EXERCISE DESCRIPTION:
Please copy all of the data that follows exactly, leaving any pictures out.

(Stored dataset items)

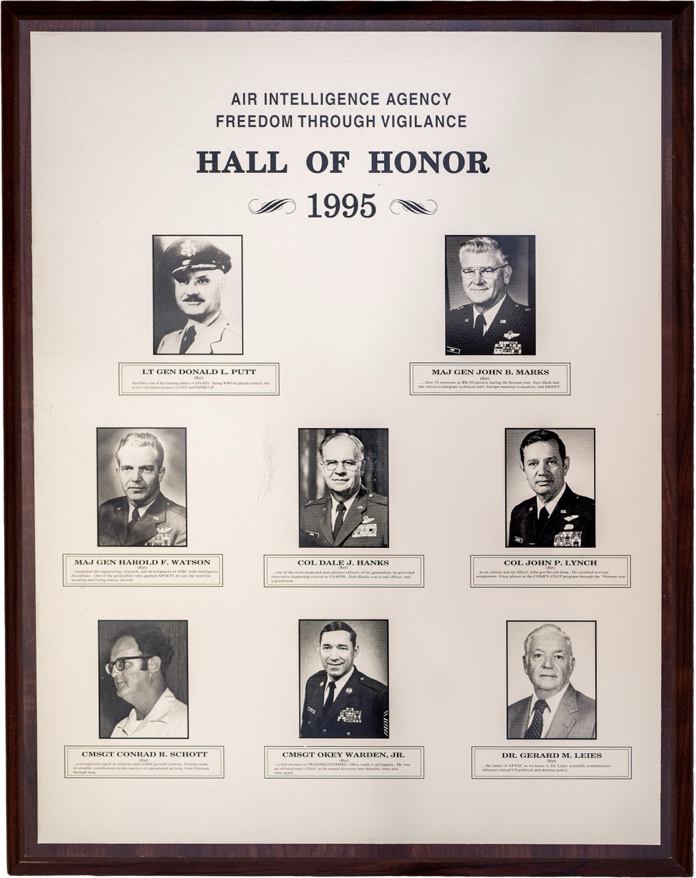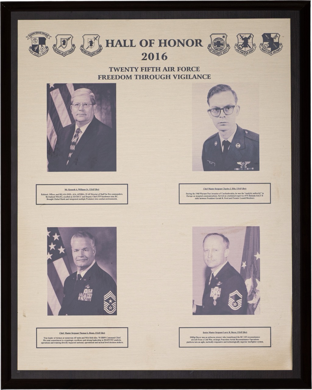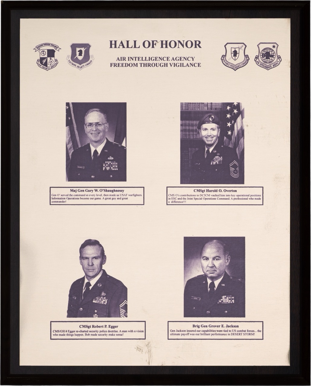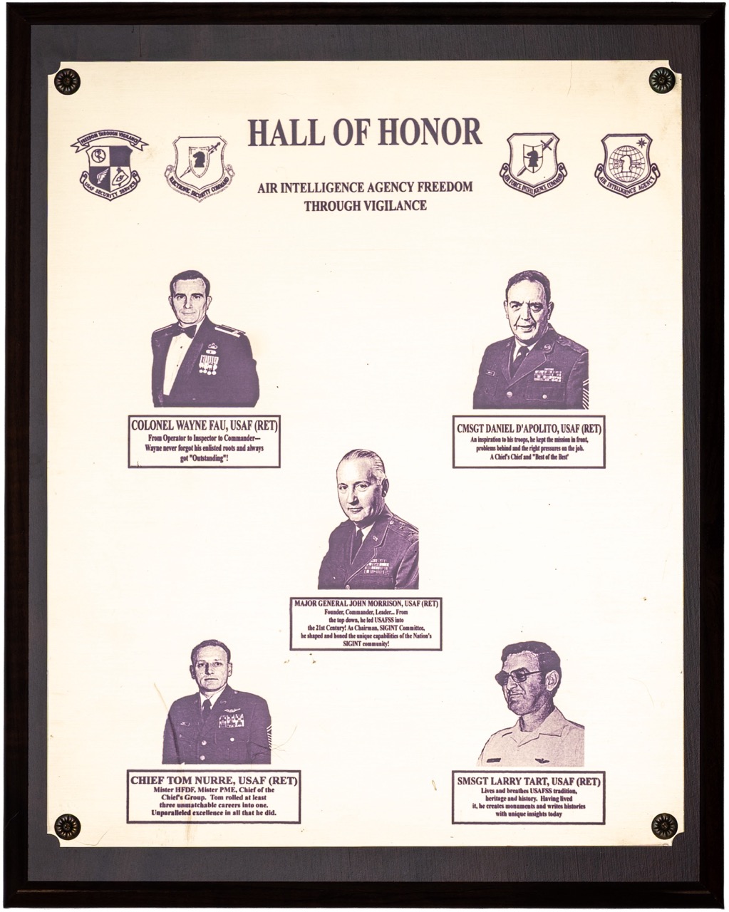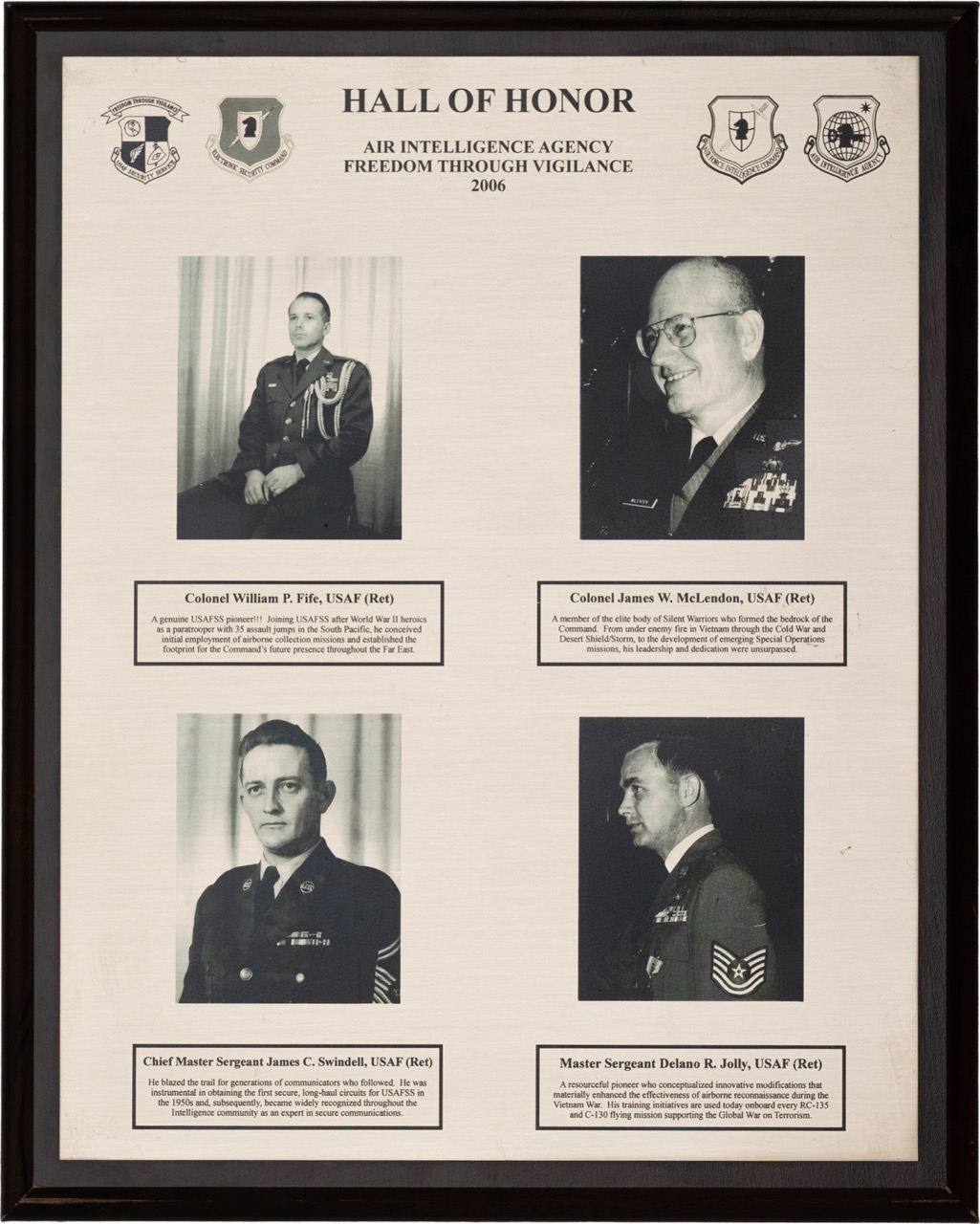 The Hall of Honor was created in 1983. It honors individuals who served with great distinction and contributed immeasurably to successful mission accomplishment. The Hall of Honor preserves the legacy of those who have gone before, highlights their deeds, and honors their contributions to the nation.
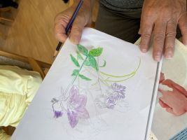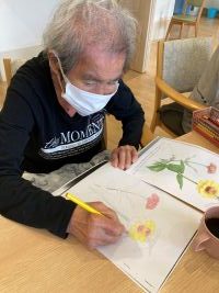 明日から9月だというのに外があまりにも暑いので、室内で秋のお花の塗り絵をしていただきました。
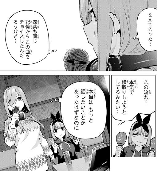 二人とも無言でいると、三玖が急に海での話の続きを始めて、四葉になり変わるってのは冗談だと言います。私は四葉の真似はできても四葉にはなれない、このジュースは私には甘すぎると三玖は四葉に話します。その後せっかくだし歌おうと三玖が言い、四葉も賛成します。二人が偶然にも選んだ歌は、二乃が家でしつこいくらい聴いていた曲、ラブ☆バケーションでした。
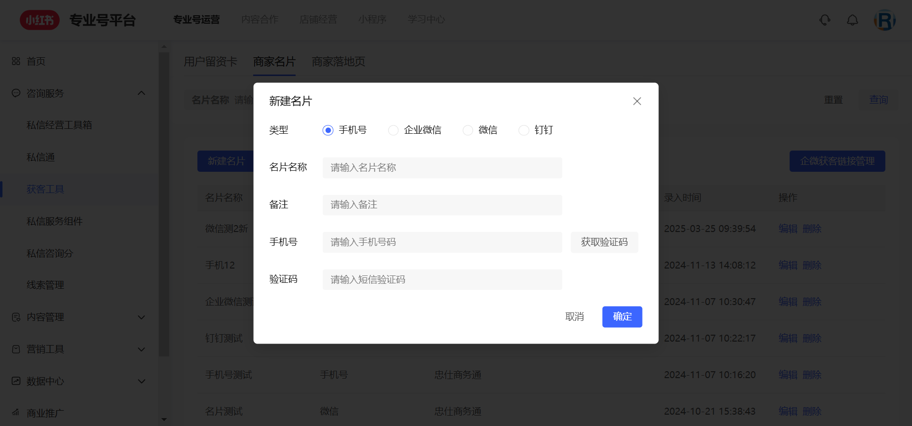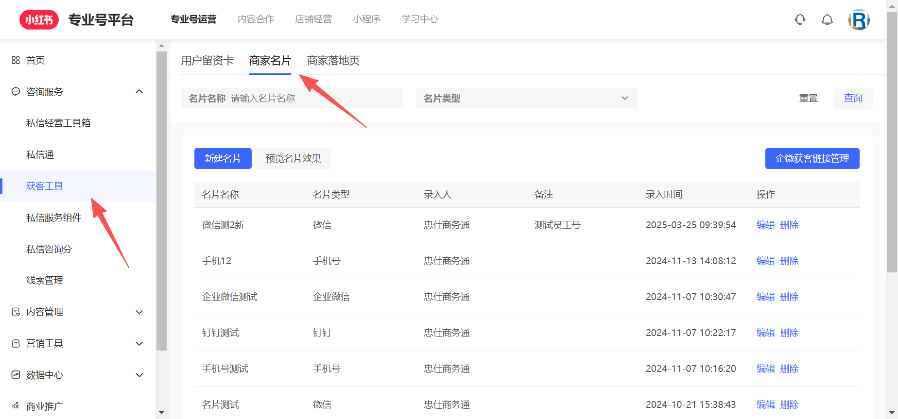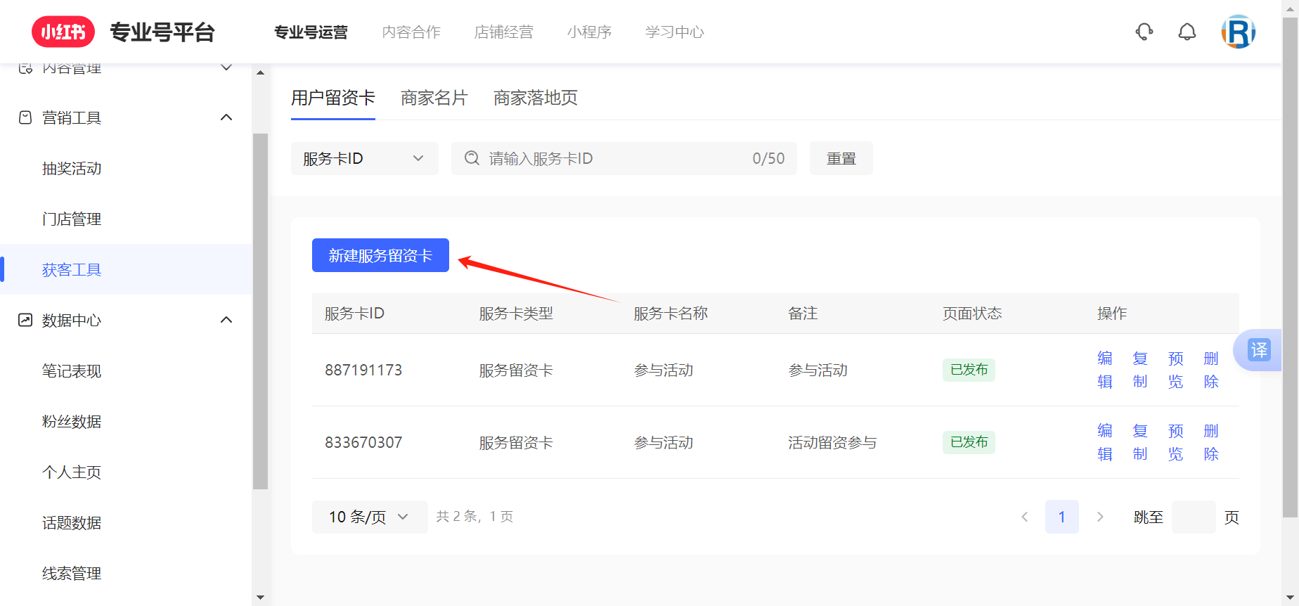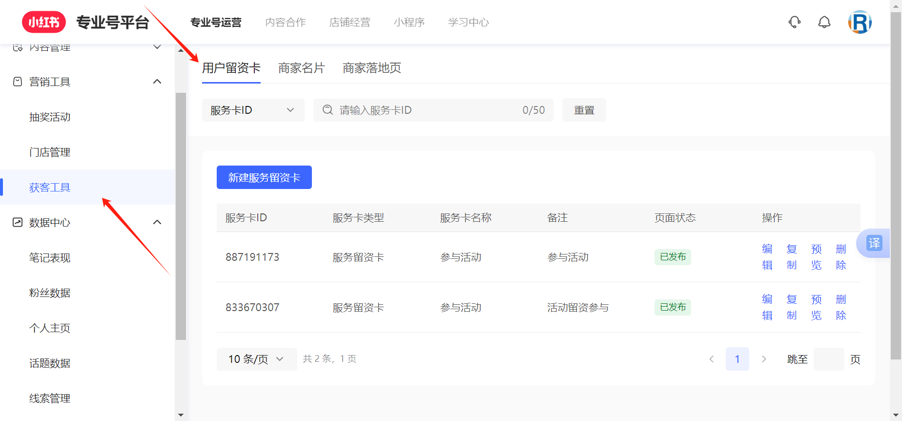 前往专业号平台,找到“咨询服务”下的“获客工具”,如果没有“获客工具”商家名片这栏说明账号消耗不达标,建议咨询小红书侧。
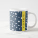 Navy Blue Dalmatian Dots, Spots, Dotted, Your Name Large Coffee Mug
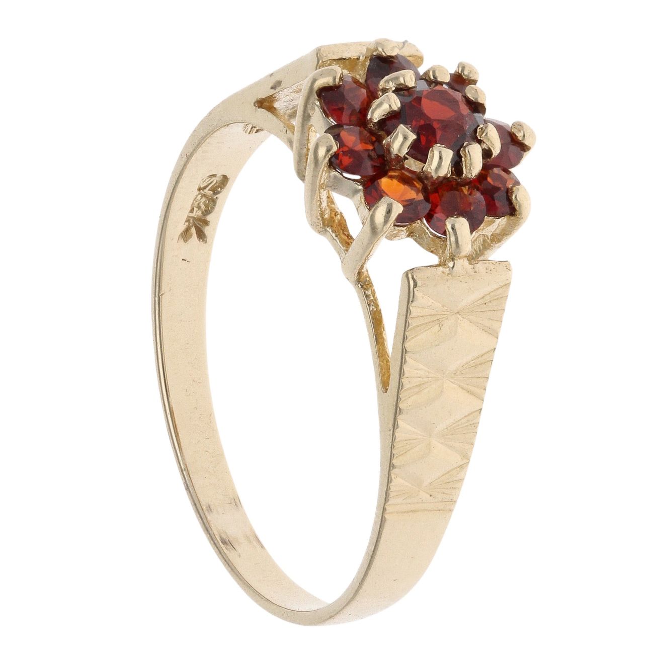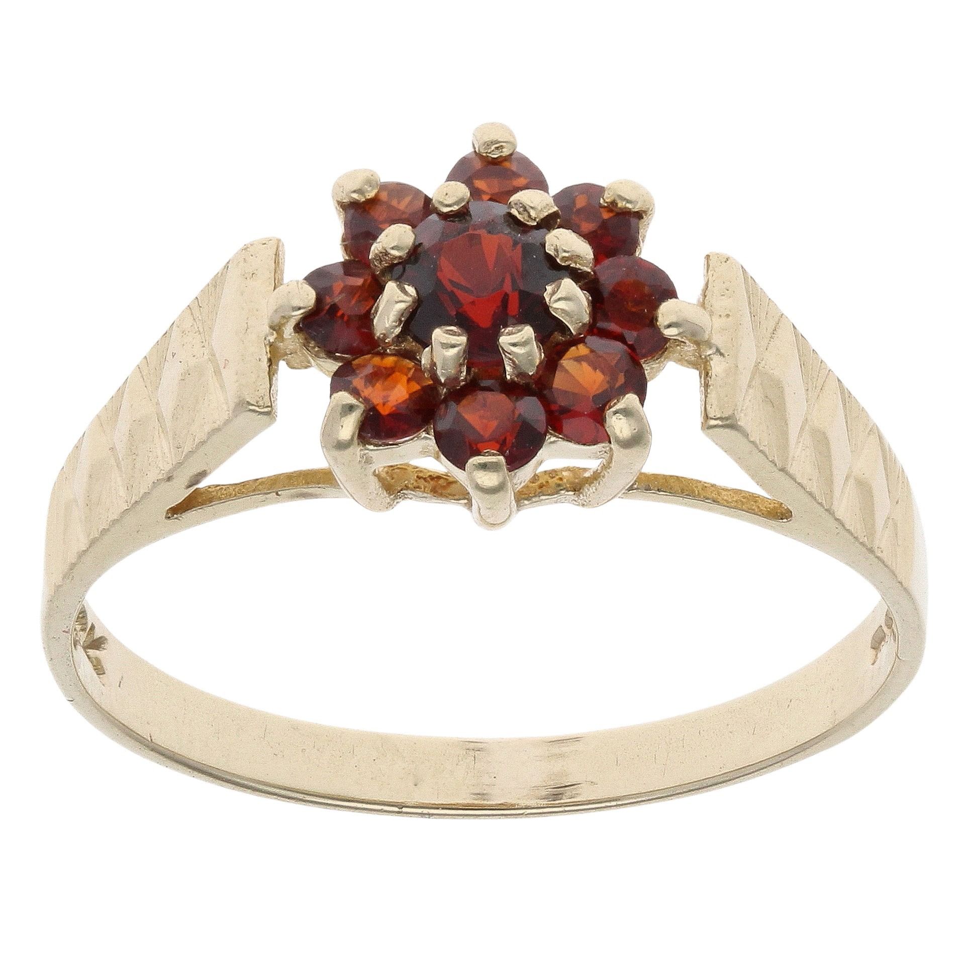 9ct Yellow Gold Garnet Floral Cluster Ring
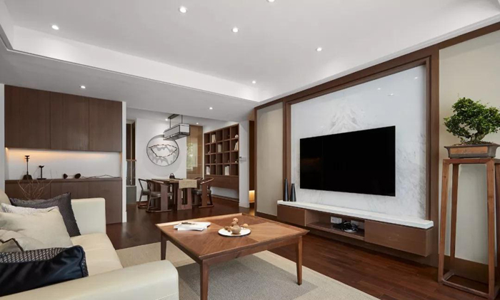 ▲ 大理石的自然纹理与沙发背景壁画呼应,独一无二,木作边框连接架空电视柜,质感细腻,功能实用

ANSWER SPACE:
 The Hall of Honor was created in 1983. It honors individuals who served with great distinction and contributed immeasurably to successful mission accomplishment. The Hall of Honor preserves the legacy of those who have gone before, highlights their deeds, and honors their contributions to the nation.
 明日から9月だというのに外があまりにも暑いので、室内で秋のお花の塗り絵をしていただきました。
 二人とも無言でいると、三玖が急に海での話の続きを始めて、四葉になり変わるってのは冗談だと言います。私は四葉の真似はできても四葉にはなれない、このジュースは私には甘すぎると三玖は四葉に話します。その後せっかくだし歌おうと三玖が言い、四葉も賛成します。二人が偶然にも選んだ歌は、二乃が家でしつこいくらい聴いていた曲、ラブ☆バケーションでした。
 前往专业号平台,找到“咨询服务”下的“获客工具”,如果没有“获客工具”商家名片这栏说明账号消耗不达标,建议咨询小红书侧。
 Navy Blue Dalmatian Dots, Spots, Dotted, Your Name Large Coffee Mug
 9ct Yellow Gold Garnet Floral Cluster Ring
 ▲ 大理石的自然纹理与沙发背景壁画呼应,独一无二,木作边框连接架空电视柜,质感细腻,功能实用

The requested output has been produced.